Kim Ok-bin’s performance helps make the last third of Thirst its funniest passage, but the entire film has a rich vein of comedy running through it. This is one of Park’s trademarks; he freely mixes deadly serious ideas (here murder, relationships and the nature of faith) with absurd moments. The funniest thing in Thirst is Kim Hae-sook’s performance in the last part of the film. After Tae-ju becomes a vampire her mother is paralysed, but she still has all her wits about her. In one riotous scene Tae-ju’s mother tries to tell the friends that Tae-ju and Sang-hyun are playing Mahjong with that her daughter and the priest are killers, using only her one mobile finger and her eyes.
Oldboy may have announced Park Chan-wook on the international stage, but his work both before and since that film confirms his status as one of the major talents in world cinema. To say that Thirst doesn’t represent his best work is true, but hardly an indictment. The only moment at which Park’s control of the film seems to slip is late in the second act and early in the third, when it runs a little off the rails and a couple of plot points go under explained. However, with the help of his excellent cast, he recovers and takes the film out with half an hour of brilliance. All Park’s films are beautiful, and this is no exception. The colours are extraordinary, with Tae-ju’s blue dress (an homage to one of Park’s inspirations; Andrzej Zulawski’s Possession) and the impossibly vivid red of blood on the brilliant white floor of Sang-hyun and Tae-ju’s lair standing out in particular. CGI is sparingly used, and the effects are always used to a purpose and extremely high quality. It’s hard to describe why Park Chan-wook’s films are such a pleasure to look at, because there is just so much to talk about. Every one of his frames is suffused with diverting and beautiful detail, so much so that you could probably watch this film without its soundtrack and still get a great deal out of it - not something that can be said about most movies.

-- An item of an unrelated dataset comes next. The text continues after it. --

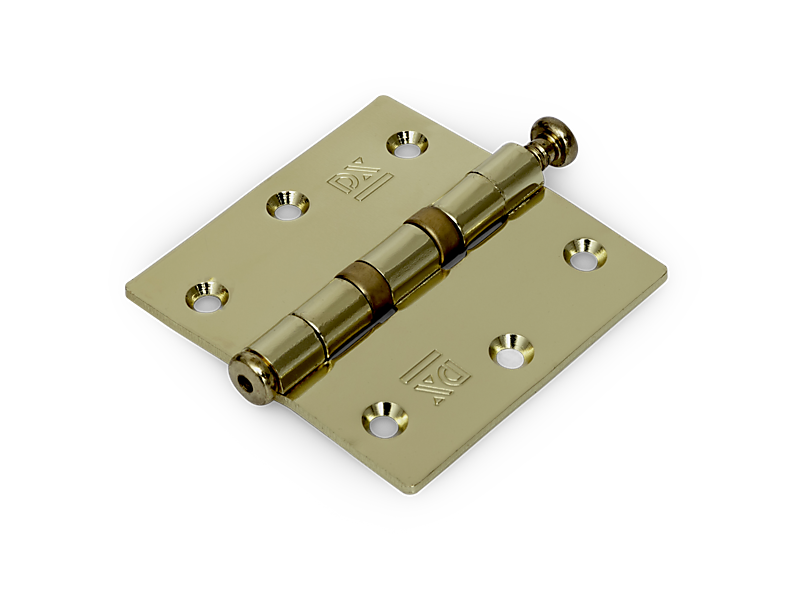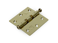 Kogellagerscharnier rechte hoeken 76x76 mm vermessingd. Dit CE gemarkeerde kogellagerscharnier is geschikt voor uw zwaardere design- of binnendeur. Vanuit esthetisch oogpunt past dit met messing afgewerkte stalen scharnier goed in zowel een retro als moderne woonomgeving. Door zijn rechte hoeken is het scharnier uitermate geschikt voor handmatige verwerking. Om het scharnier in te laten en te bevestigen kan gemakkelijk met hamer en beitel de uitsparing in deur of raam en kozijn gemaakt worden. Aan de onderkant is een scharnierknop bevestigd met daarin een gaatje. Allereerst verrijkt de scharnierknop het uiterlijk doordat boven- en onderkant nu identiek ogen. Daarnaast is er met het aangebrachte gaatje voor gezorgd dat demonteren, bijvoorbeeld wanneer u gaat schilderen, eenvoudig blijft. U slaat de bovenste pen door het gaatje gemakkelijk met een spijker omhoog. De scharnierknop en de pen zijn bovendien voorzien van een kartelrand, die voorkomt dat de scharnierknop of de pen na verloop van tijd uit het scharnier kruipt en er tevens voor zorgt dat het scharnier minder gauw scheef gaat hangen. Door de kogellagers loopt dit scharnier bijzonder soepel, wat de draagkracht en levensduur ten opzichte van een scharnier met losse pen ten goede komt. Om de hoge kwaliteit van dit scharnier langere tijd te waarborgen wordt aangeraden de lagers jaarlijks te smeren met kogellagervet, zuurvrije vaseline of spray op siliconenbasis. Bent u op zoek naar een onderhoudsvrij scharnier met nog meer draagvermogen? Bekijk dan ook ons assortiment glijlagerscharnieren of kogelstiftpaumelles.

Thirst is a rich, tasty, treat for horror fans. Park doesn’t stint on the sex and violence that you expect in the genre, but he delivers it with intelligence and wit, and in conjunction with a literate, thoughtful, script and performances of great depth and quality. Make no mistake, even though this film isn’t quite up to the amazing standard set by Oldboy and Lady Vengeance it still offers further proof that Park Chan-wook is one of the great filmmakers of our time, and I suspect it will only become more rewarding with repeat viewing.